Sorting Materials into Groups

Category : 6th Class

Sorting Materials into Groups

Synopsis

• The process of the classification of objects based on some known criteria is called grouping or sorting.

• We have a huge variety of objects present around us. Because of this, it is very important to classify objects into groups. If we know the properties of one member of the group, it would be very easy to predict the properties of the other members too.

Some of the properties of materials are:

• Appearance

The various parameters governing the appearance of materials are colour/texture, roughness, shape, size, etc.

• Lustre

Some materials shine when light falls on them. This property is generally observed in objects that are grouped as metals, e.g. gold and silver. They are hard, strong, flexible and good conductors of heat and electricity. They can be drawn into wires (ductile) and sheets (malleable).

• Hardness

It is the measure of how resistant a material is to various kinds of shape changes when a force is applied. Hardness can also be measured by the ease with which a material can be compressed or stretched. Materials that can be easily stretched and compressed are called soft materials. Materials which are difficult to compress and stretch are called hard materials.

• Solubility

In general, solubility is defined as the ability of a substance to dissolve in water. In the process of dissolving/the substance which is being dissolved is called a solute and the substance in which the solute is dissolved is called a solvent. A mixture of solute and solvent is called a solution, e.g. if we add sugar to water, then, sugar is the solute and water is the solvent. The mixture of sugar and water is called sugar solution. Substances which are not soluble in water are called insoluble substances, e.g., sand, wood. If two liquids mix together completely then they are called misdble liquids, e.g. water and ink. If two liquids do not mix but form separate layers, then they are called immiscible liquids, e.g., water and oil.

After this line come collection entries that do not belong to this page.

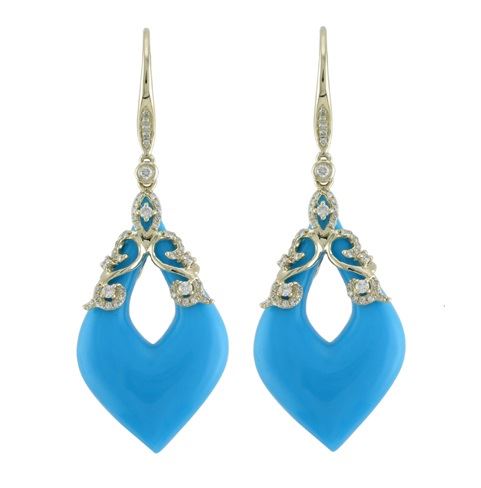 Vintage Turquoise w/ Diamonds Drop Earring in 14K Yellow Gold | 421091 Grams, featuring 29.65 White Diamond Round ct 2 0.47 ct 100 ct 14 ct
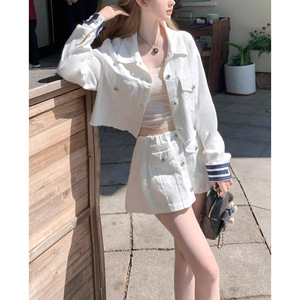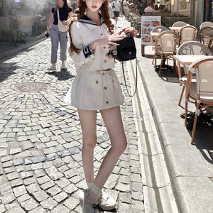 小个子025/fw 青空航线 miu系两色海军风外套纽扣半裙棉质套装秋
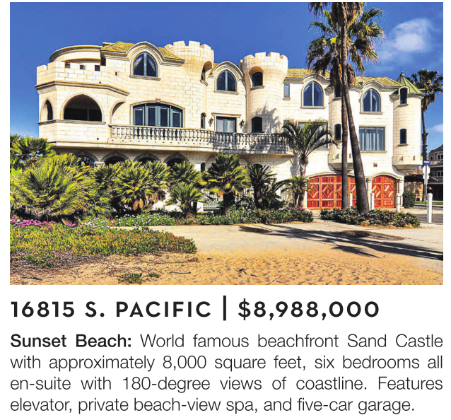 Sunset Beach: World famous beachfront Sand Castle with approximately 8,000 square feet, six bedrooms all en-suite with 180-degree views of coastline. Features elevator, private beach-view spa, and five-car garage.

• Relative density or Density with respect to water

$\text{Relative density =}\frac{\text{Mass of substance}}{\text{Mass of water}},\,\,\,\text{Density=}\frac{Mass}{Volume}$

The density of water at ${{4}^{o}}C$ is taken as 1. Substances having relative density of more than 1 tend to sink in water and those having less than 1 tend to float on water.

• Behaviour towards light

Substances can be divided into three groups depending on their behaviour towards light.

Transparent materials

They allow most of the light to pass through them, e.g., glass.

Translucent materials

They allow only some part of the light to pass through them, e.g., butter paper.

Opaque materials

They do not allow light to pass through them, e.g. iron sheet or wood.